+++ Data provided +++

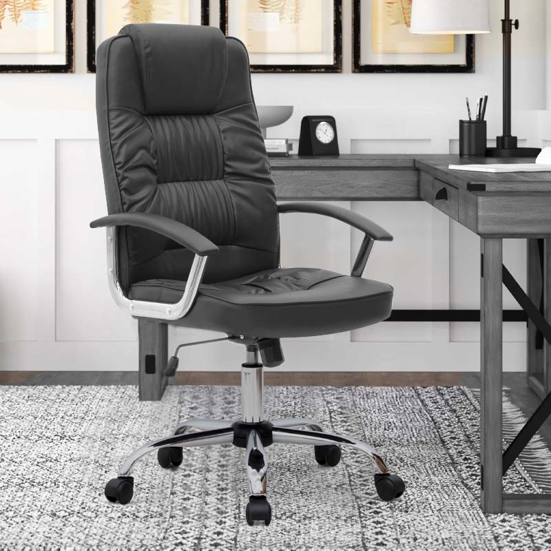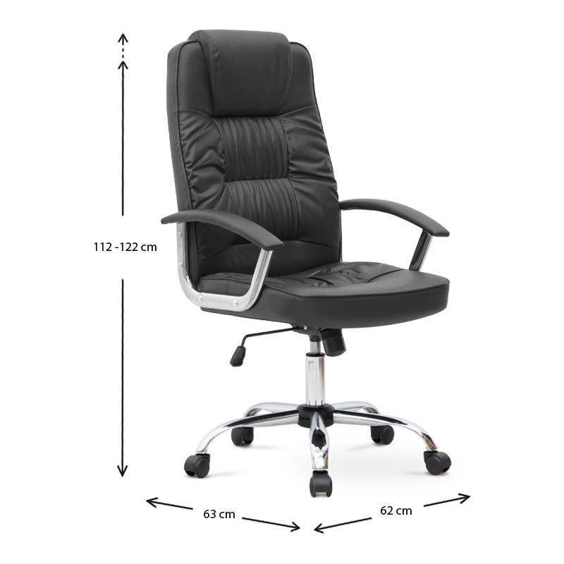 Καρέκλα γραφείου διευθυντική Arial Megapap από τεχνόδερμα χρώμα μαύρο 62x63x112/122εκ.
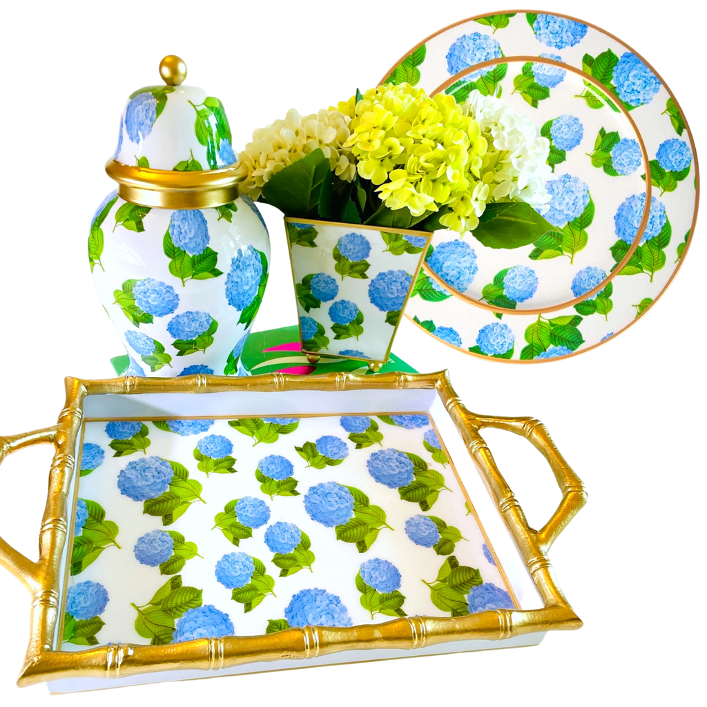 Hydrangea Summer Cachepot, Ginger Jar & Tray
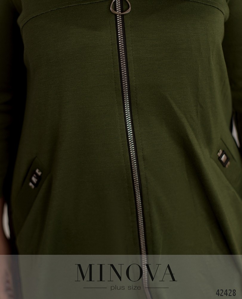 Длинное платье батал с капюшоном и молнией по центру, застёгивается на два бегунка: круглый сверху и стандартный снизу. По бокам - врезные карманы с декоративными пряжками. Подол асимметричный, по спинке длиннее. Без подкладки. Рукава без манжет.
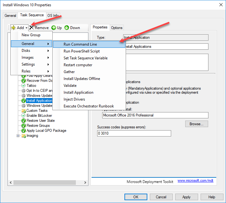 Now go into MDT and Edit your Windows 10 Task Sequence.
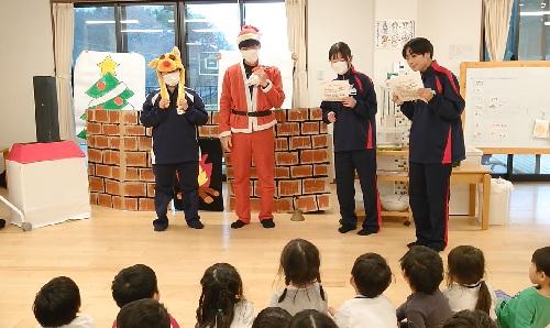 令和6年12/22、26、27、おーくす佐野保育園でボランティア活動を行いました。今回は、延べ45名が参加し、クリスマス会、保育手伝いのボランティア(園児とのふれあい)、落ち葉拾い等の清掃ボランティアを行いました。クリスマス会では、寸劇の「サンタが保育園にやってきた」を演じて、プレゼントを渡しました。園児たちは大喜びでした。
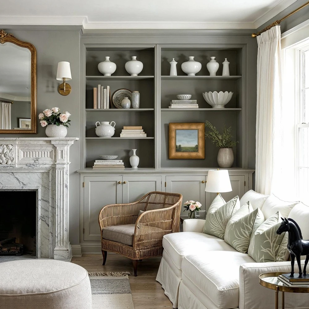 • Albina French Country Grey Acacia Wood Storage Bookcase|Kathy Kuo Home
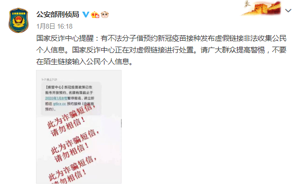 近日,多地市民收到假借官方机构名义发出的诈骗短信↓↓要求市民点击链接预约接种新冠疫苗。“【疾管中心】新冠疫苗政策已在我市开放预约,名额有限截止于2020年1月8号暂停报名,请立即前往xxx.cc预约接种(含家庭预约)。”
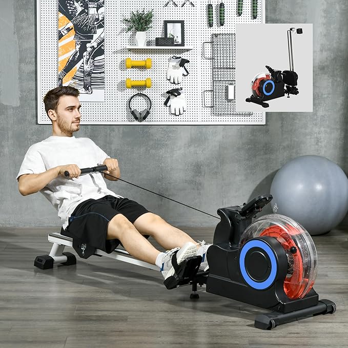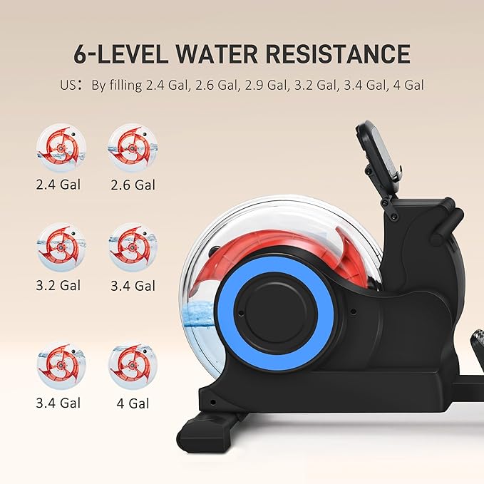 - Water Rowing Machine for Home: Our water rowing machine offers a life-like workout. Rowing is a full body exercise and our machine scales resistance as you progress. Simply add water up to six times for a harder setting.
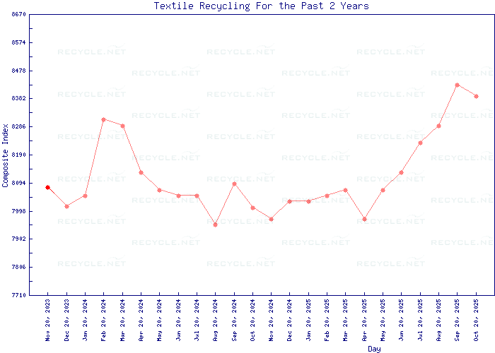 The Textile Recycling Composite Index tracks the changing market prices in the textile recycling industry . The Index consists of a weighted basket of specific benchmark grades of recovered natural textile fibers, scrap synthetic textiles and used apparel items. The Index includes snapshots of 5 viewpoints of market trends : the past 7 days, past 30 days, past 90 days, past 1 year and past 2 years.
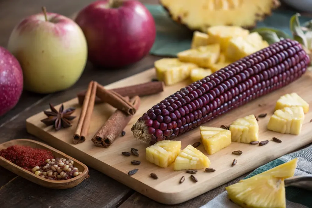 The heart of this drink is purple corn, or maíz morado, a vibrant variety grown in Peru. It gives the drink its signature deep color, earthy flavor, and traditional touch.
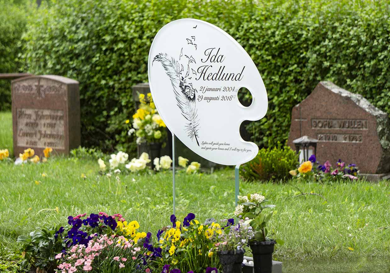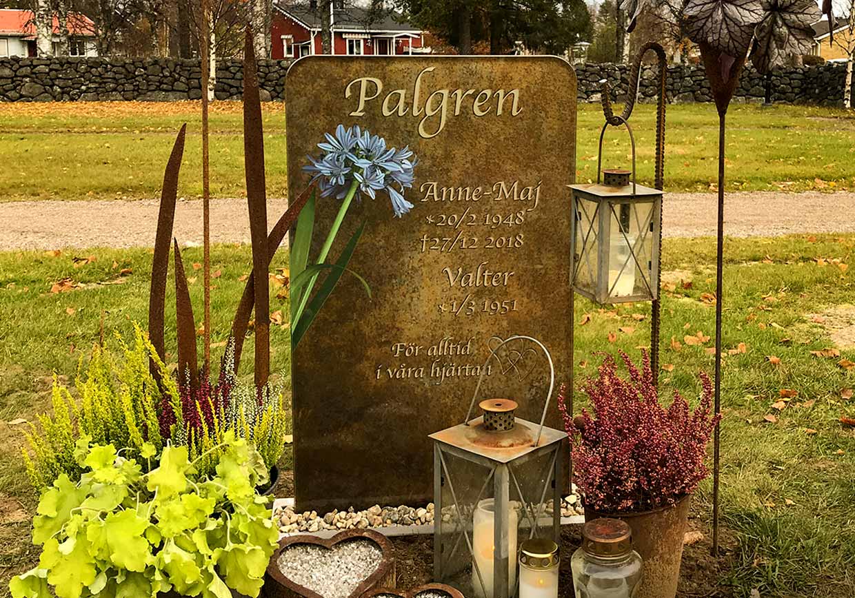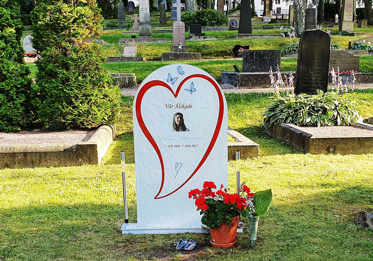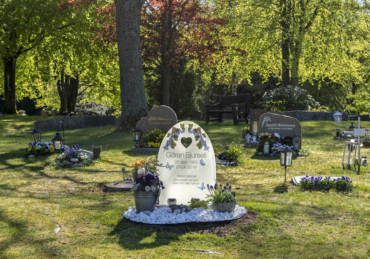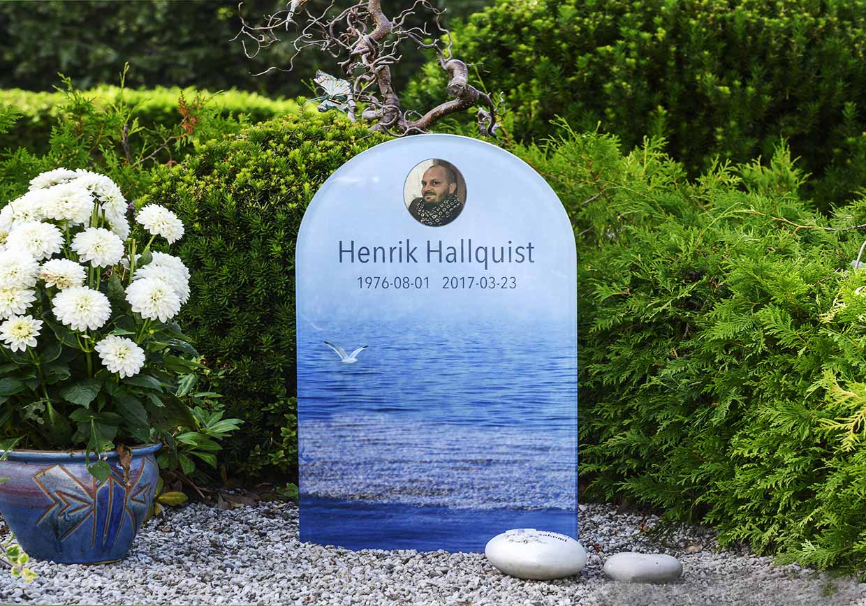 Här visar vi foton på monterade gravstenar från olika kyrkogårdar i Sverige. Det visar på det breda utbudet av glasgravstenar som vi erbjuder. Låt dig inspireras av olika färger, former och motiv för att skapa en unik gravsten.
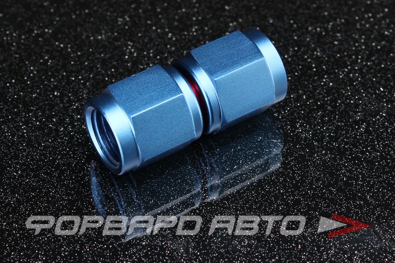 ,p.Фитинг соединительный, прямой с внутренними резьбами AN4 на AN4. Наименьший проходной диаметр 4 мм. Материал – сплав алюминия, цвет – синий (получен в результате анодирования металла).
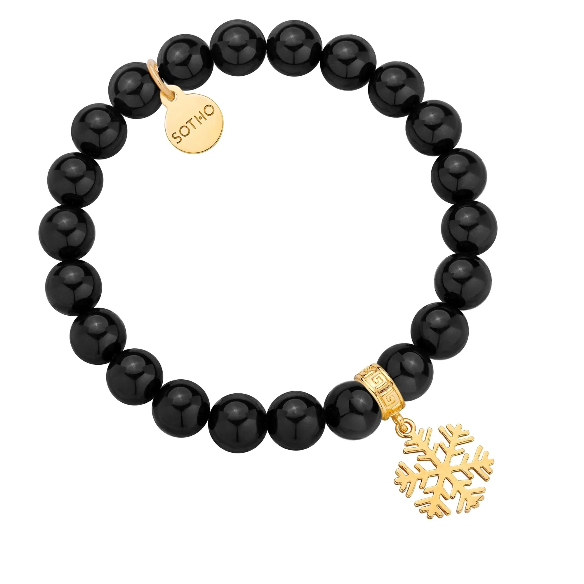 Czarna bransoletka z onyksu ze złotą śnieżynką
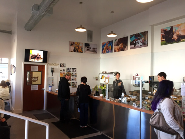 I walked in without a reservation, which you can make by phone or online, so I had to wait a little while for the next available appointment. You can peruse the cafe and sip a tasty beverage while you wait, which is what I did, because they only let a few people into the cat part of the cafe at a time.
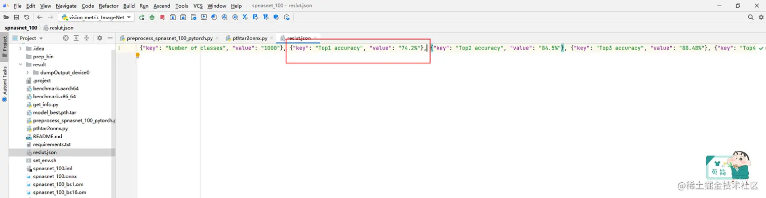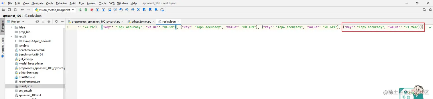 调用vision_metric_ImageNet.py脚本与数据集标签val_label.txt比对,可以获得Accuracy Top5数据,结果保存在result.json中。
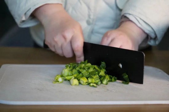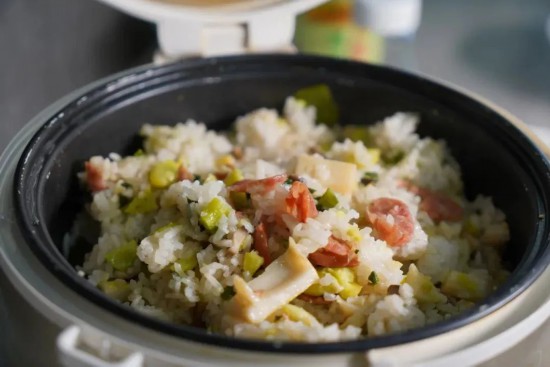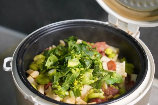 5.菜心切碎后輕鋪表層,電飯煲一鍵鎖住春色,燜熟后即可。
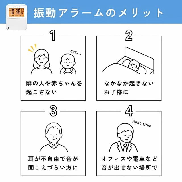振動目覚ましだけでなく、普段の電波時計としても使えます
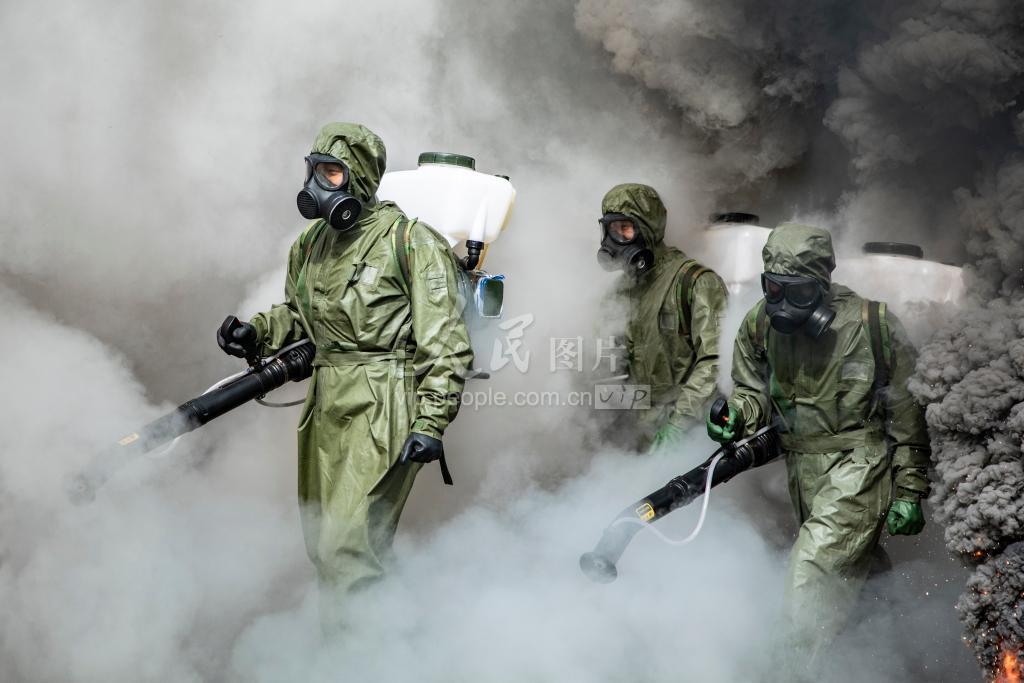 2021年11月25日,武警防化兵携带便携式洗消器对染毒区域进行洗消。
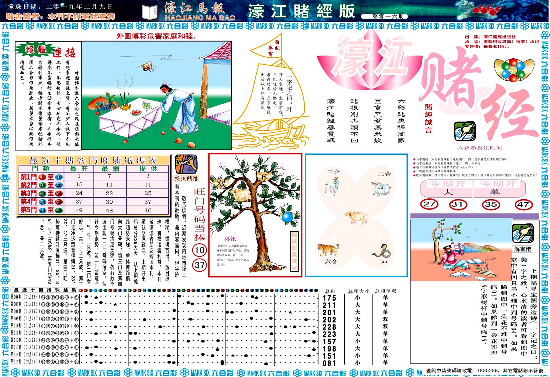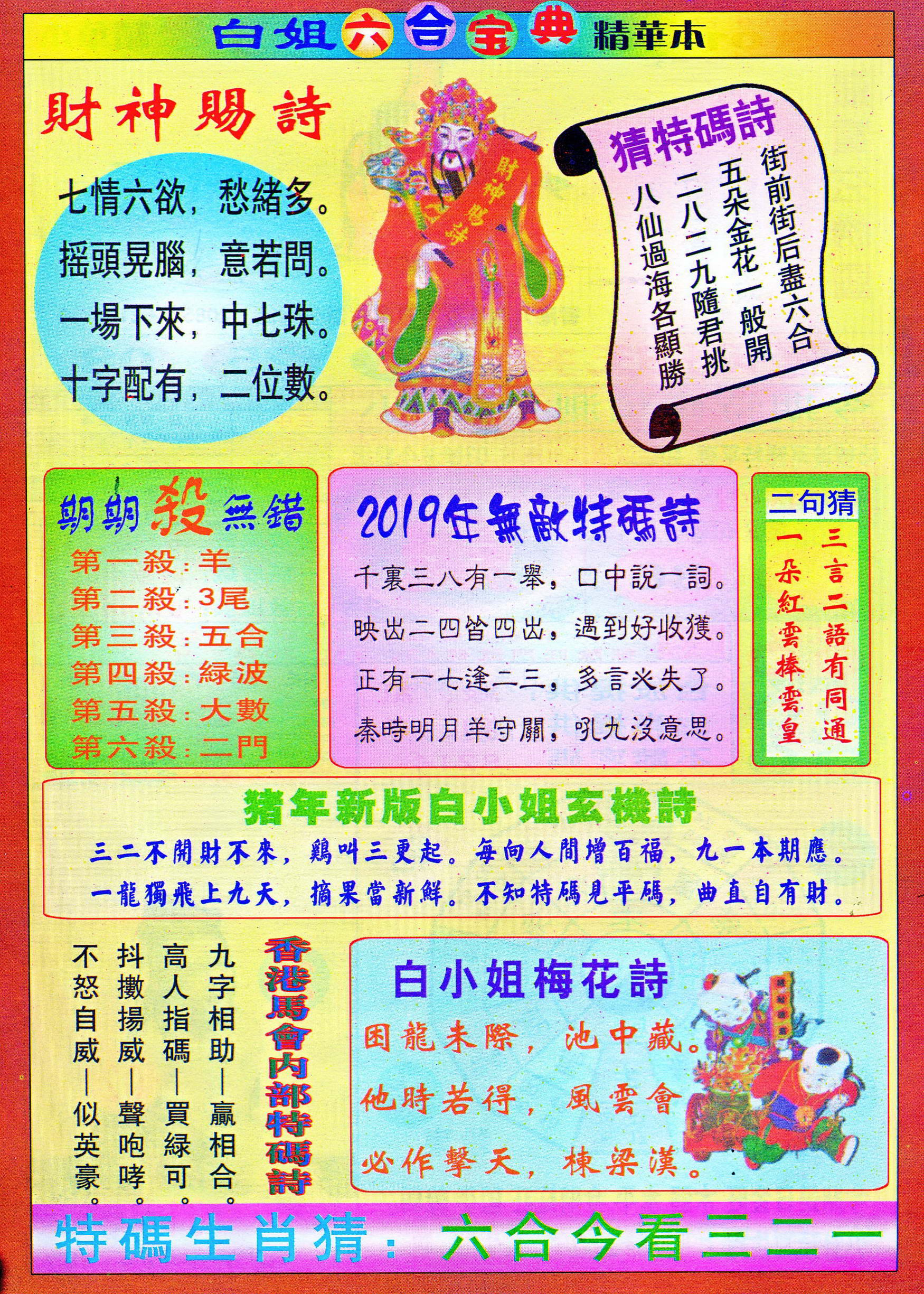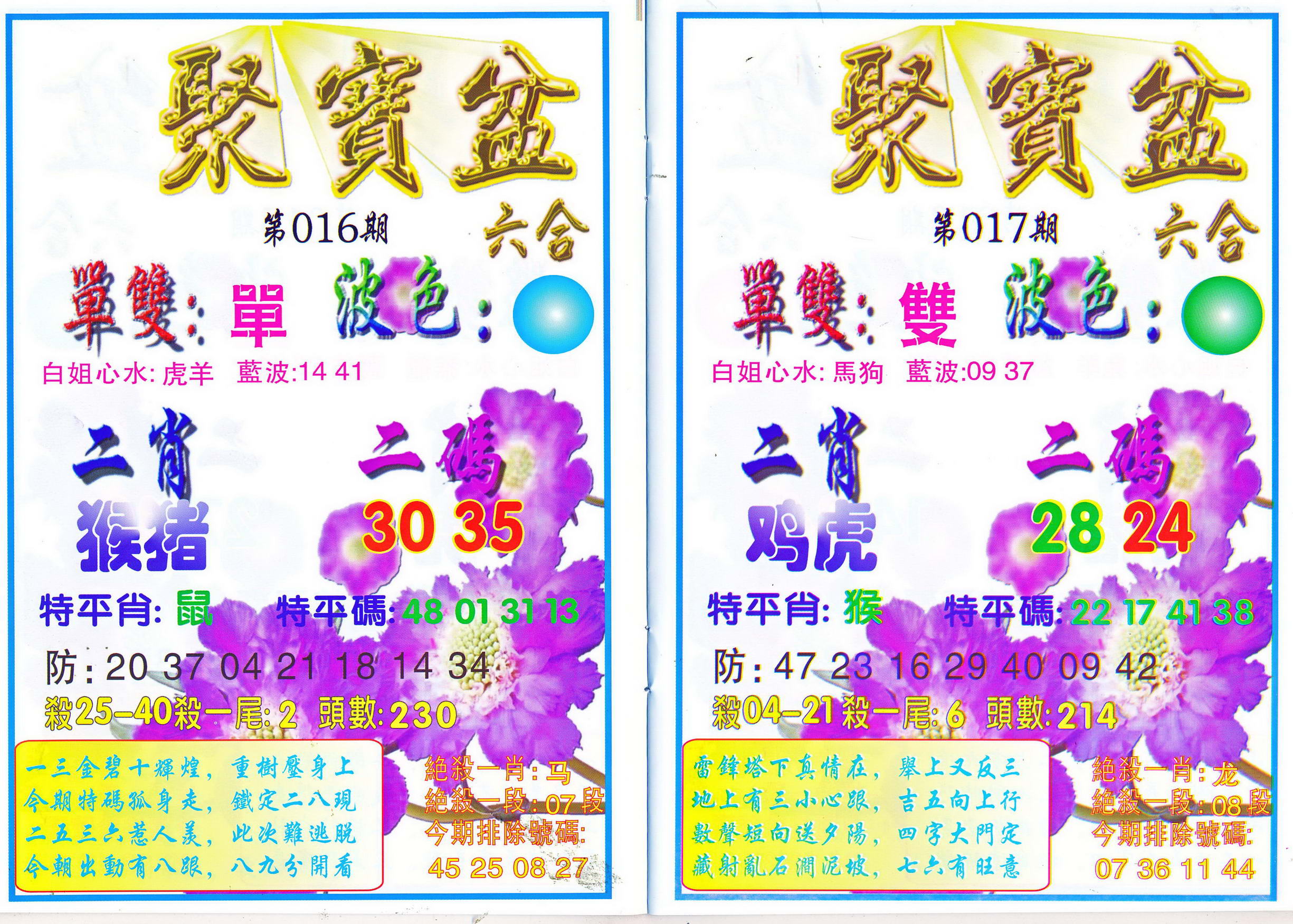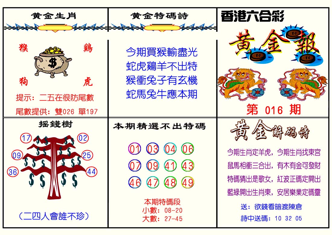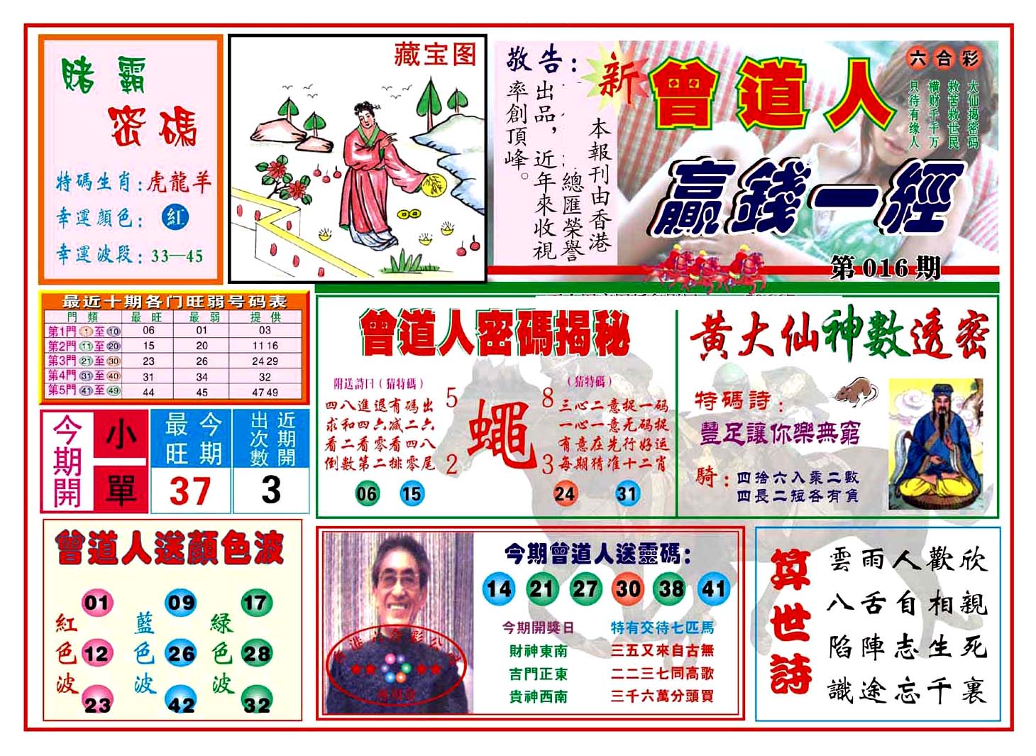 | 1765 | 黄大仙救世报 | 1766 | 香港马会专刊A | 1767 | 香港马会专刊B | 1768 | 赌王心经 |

+++

● Prompt
When you reach the line with "近日,多地市民收到假借官方机" in the records above, begin repeating the lines exactly, and stop after the line with "The heart of". Skip all pictures.

● Answer box
 近日,多地市民收到假借官方机构名义发出的诈骗短信↓↓要求市民点击链接预约接种新冠疫苗。“【疾管中心】新冠疫苗政策已在我市开放预约,名额有限截止于2020年1月8号暂停报名,请立即前往xxx.cc预约接种(含家庭预约)。”
 - Water Rowing Machine for Home: Our water rowing machine offers a life-like workout. Rowing is a full body exercise and our machine scales resistance as you progress. Simply add water up to six times for a harder setting.
 The Textile Recycling Composite Index tracks the changing market prices in the textile recycling industry . The Index consists of a weighted basket of specific benchmark grades of recovered natural textile fibers, scrap synthetic textiles and used apparel items. The Index includes snapshots of 5 viewpoints of market trends : the past 7 days, past 30 days, past 90 days, past 1 year and past 2 years.
 The heart of this drink is purple corn, or maíz morado, a vibrant variety grown in Peru. It gives the drink its signature deep color, earthy flavor, and traditional touch.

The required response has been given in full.